The conferences, the emails, the phone calls all end the same way; looking to me for answers of how to make it stop. My husband and I agree that it’s time to talk to a professional. But he would have done it yesterday and I am frozen with fear. Fear that I will make the wrong choice. Fear that I will open up an opportunity for someone to put a label on them. Fear that if you look for a problem, you will find one. Fear that there really is a problem and they are receiving consequences for something they can’t control.

What do you do when the traits you love most about your children are causing them to struggle in school? When the things that are inherent to their little big personalities are not working in a classroom environment? My job as a mother is to protect the light that is at the center of their being. To never let it go out despite influences and obstacles that life will send their way.
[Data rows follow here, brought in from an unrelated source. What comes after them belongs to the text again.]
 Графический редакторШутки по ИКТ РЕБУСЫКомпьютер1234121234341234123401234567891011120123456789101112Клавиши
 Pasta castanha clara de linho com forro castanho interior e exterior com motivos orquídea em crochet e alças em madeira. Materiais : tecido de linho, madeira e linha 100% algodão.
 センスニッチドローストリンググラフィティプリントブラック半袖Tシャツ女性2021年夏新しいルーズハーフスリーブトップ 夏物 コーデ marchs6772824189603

I adore my 3rd grade worldly dreamer and my 1st grade dancing social butterfly, but I also know that school cannot go on like this.
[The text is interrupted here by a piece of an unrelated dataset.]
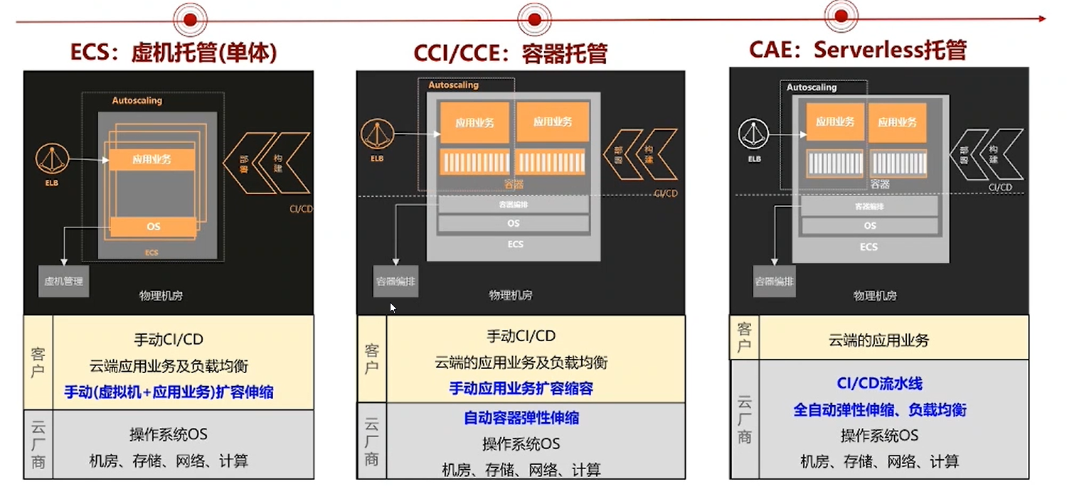 云厂商提供操作系统 OS,机房、存储、网络、计算。对于客户来说,需要 CI/CD,云端应用业务及负载均衡,手动(虚拟机+应用业务)扩容伸缩
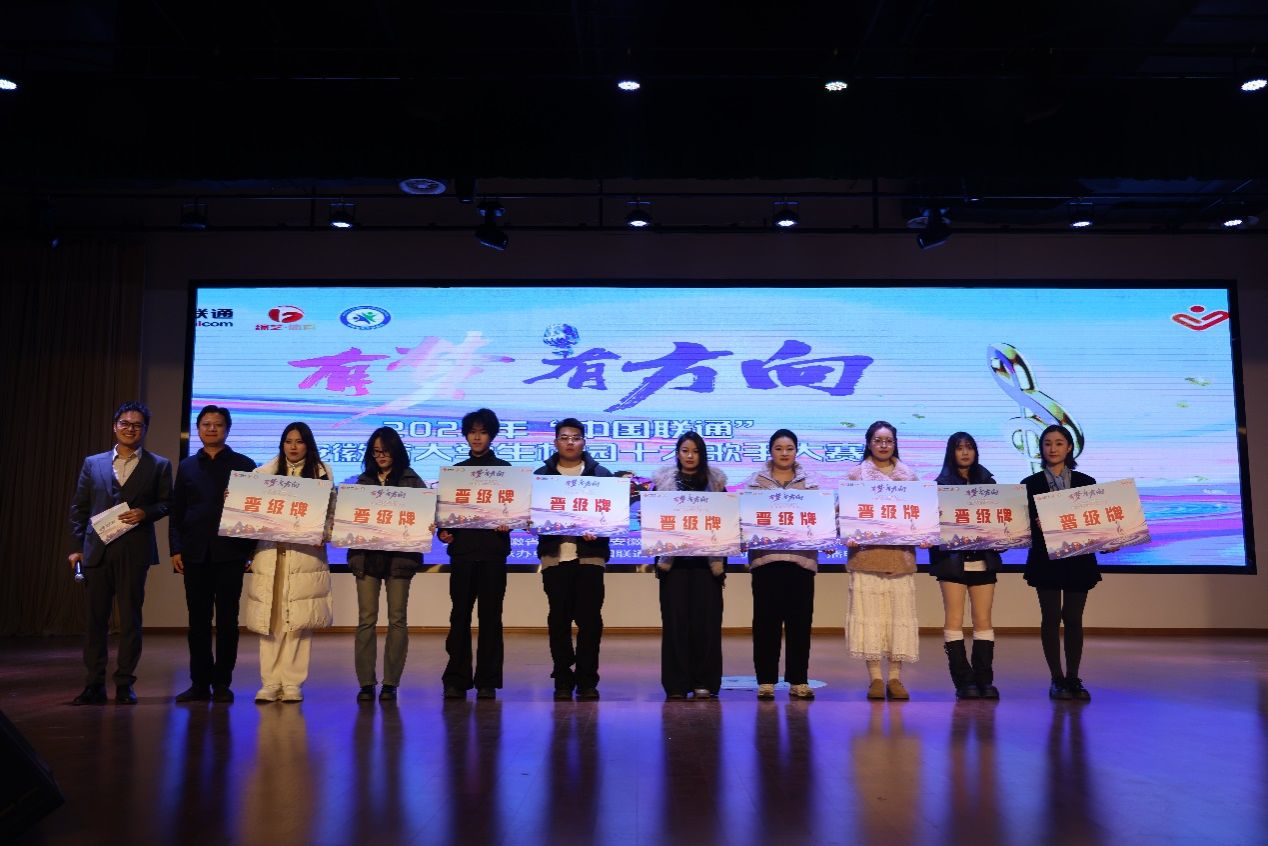 为服务青年成长成才,加强大学生思想引领,丰富校园文化生活。11月19日,由共青团安徽省委联合安徽省教育厅、安徽省文旅厅、安徽广播电视台、安徽省学生联合会等单位主办的“联通沃派 有梦有方向”——2025年“中国联通”安徽省大学生校园十大歌手大赛初赛第二场在我校大学生活动中心成功举办。团省委学校部部长邹永生,中国联通合肥市分公司党委委员、副总经理陈婷婷,必赢766net手机版党委委员、党委副书记陈行,必赢766net手机版党委委员、宣传统战部部长孔成出席活动,部分合肥高校团组织负责人、媒体朋友及我校师生代表等齐聚现场。本场比赛由安徽广播电视台全程直播,线下共计600余人共同见证了这场音乐盛宴。

I am nervous and I’m uninformed. I’m scared to death that the messages they are hearing about their performance as a student are translating to their feelings about their self-worth and slowly extinguishing their light.

But I do know one thing. This is the year. This is the year that we learn how to manage this and can only pray that we don’t put their light out while we’re at it.

4 Comments Add yours

  1. Caitlyn says:

    Ive got my own dancer worldly dreamer in the works… this is inspiring… love the way you describe this non issue-issue!

    Like

    1. Emily says:

      Cait – that’s exactly what this feels like – a non-issue, issue. But at the same time, some of these decisions seem so important now like weather to evaluate for ADHD, medication, etc., etc. This non-issue is forcing me to make some real decisions and I am struggling! Goodness…

      Like

  2. Lots of alternatives to medication, although that can be great, and I totally agree with you that it’s a non-issue, issue. I always remember watching an Access Hollywood where Billy Bush talked about having ADHD, and him saying he looks at it as an advantage to him. It made him who he is. I have ADD and my brother ADHD, and for us it’s really just been knowing and managing it behaviorally for the most part. Having a teacher who’s willing to partner on that makes a world of difference.